Simon Segars — the CEO of Britain’s biggest tech company Arm Holdings — has warned that a hard brexit could seriously damage his business, in an interview with The Financial Times. The Cambridge-headquartered company designs microchips for a variety of smartphones including Apple’s iPhone.
Segars said, “There are a finite number of [UK] engineers with the right skills we can hire…we have 300 people in Cambridge right now from mainland Europe, and more could start tomorrow. If there was some law enacted that said every employee has to be from the UK, the business would fail,” he warned.
It’s his first interview since Arm was acquired by Japan’s Softbank in July of this year — the largest ever acquisition of a European technology business. When the acquisition was confirmed, Softbank said it intended to remain headquartered in Cambridge and expected Arm’s 3,000-strong workforce to at least double in size over the next five years.
Segar’s warnings come on top of concerns that Britain lost its biggest tech company to Japan at the time of the acquisition. Chancellor Phillip Hammond endorsed the sale in a statement that read: “Just three weeks after the referendum decision, it shows that Britain has lost none of its allure to international investors. Britain is open for business — and open to foreign investment.” He added: “Softbank’s decision confirms that Britain remains one of the most attractive destinations globally for investors to create jobs and wealth. And as ARM’s founders will testify, this is the greatest place in the world to start and grow a technology business.”
But the sale concerned some people, including one of the cofounders of ARM. Hermann Hauser told the BBC on the days the news of the sale broke that it was “a sad day for me and for technology in Britain”.

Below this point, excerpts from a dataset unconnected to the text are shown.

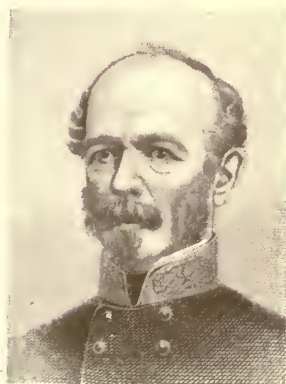
JOSEPH E. JOHNSTON.
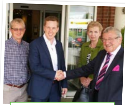
Supporting our local magistrates in the fight to keep Corby Magistrates' Court open. Unfortunately, our efforts were unsuccessful.

Our police have been chronically underfunded over many years, relative to other areas, and this year, we have seen a number of changes to police funding, something I have lobbied the Chancellor of the Exchequer and Home Secretary on.
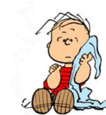
Happiness is a warm blanket ~Linus van Pelt

Happy Times is a simple, easy-to-use resource to help families with preschool school-aged children share faith in Christ at home. Happy Times is full of age-appropriate stories, games, puzzles, and activities. Booklets are free, and April - May editions are available today on the resource wall in the lower narthex/lobby.
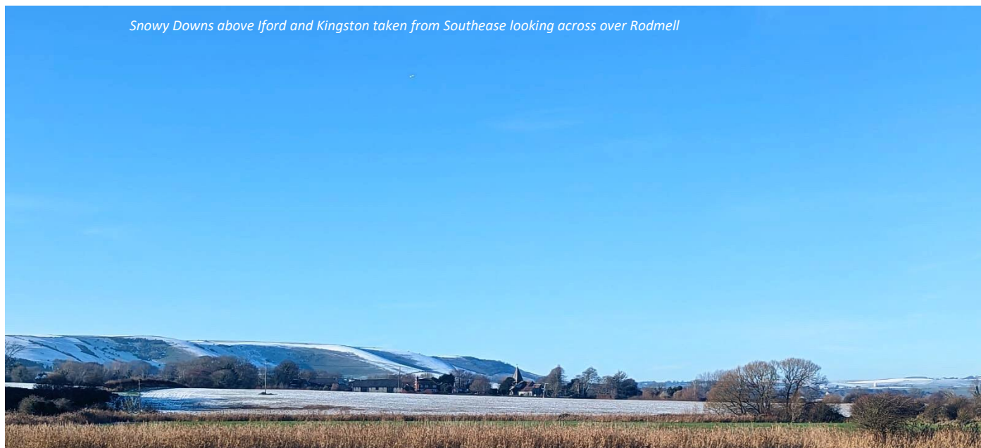
Snowy Downs above Iford and Kingston taken from Southease looking across over Rodmell

For comments on or contributions to this and future newsletters, or you should want to advertise here or if you have a neighbour who would like a paper copy and you are unable to print one off for them, please contact the Editor of the Parish Magazine as below. Deadline 16 th January 2023.
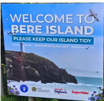
Photos : Left – New Welcome to Bere Island signs with thanks to Murphy's SuperValu Cork County Co Co. Right – Community efforts around the island in preparation for the Tidy Islands.

The Bere Island Tourism and Environment Group would like to wish everyone a very Happy Christmas and a Healthy and Happy New Year.
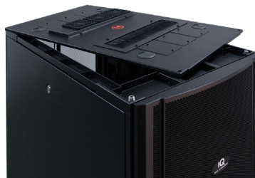
Optional Brushed Cable Entry
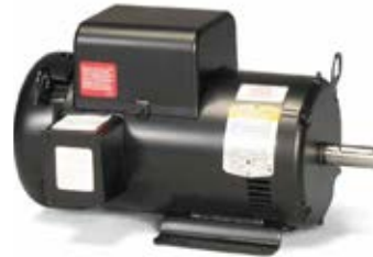
1 Phase 184T Frame
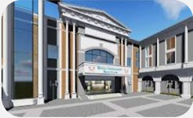
Royal Connaught Boat Club

Royal Connaught Boat Club: Located on the enchanting banks of rivers Mula & Mutha, the Royal Connaught Boat Club was established during the second half of 19th century. The Club is known internationally and is one of the oldest institutions with a royal lineage. Website: http://www.boatclubpune.com
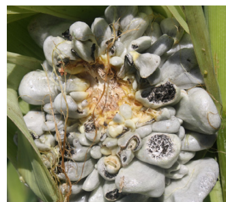
Figure 20. Common smut engulfing corn ear.
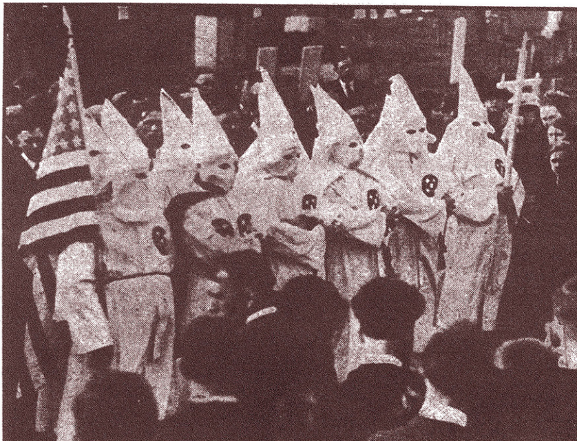
THE FIRST KU KLUX FUNERAL IN THE NORTH,

In Reading, Ohio. The regalia, American flag and cross are clearly pictured.
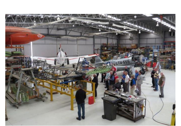
Inspecting a restoration airframe
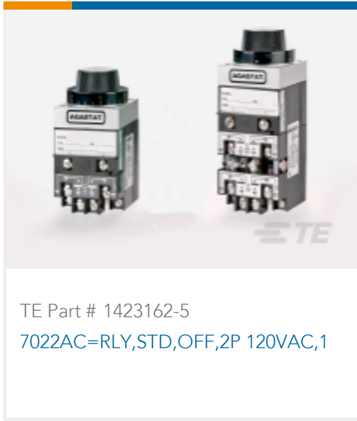
TE Part # 1423162-5 7022AC=RLY,STD,OFF,2P 120VAC,1
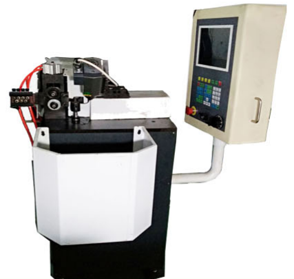
CNC Machine 2nd
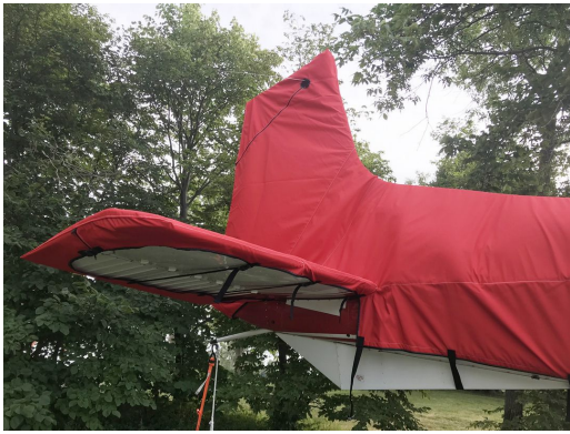
Cessna 185 Empennage Cover
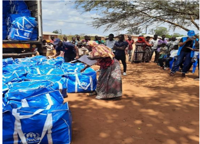
CRI distribution in Corrane IDP Site.

Other UK technology companies have spoken out against the impact of a so-called “hard Brexit” and the tightening of immigration rules that could come with it. A poll of tech startups before the referendum found that 87% of respondents were opposed to Brexit. And Jason Trost, CEO of betting startup Smarkets, told Business Insider in September that his company was planning to expand in the US rather than the UK following the referendum.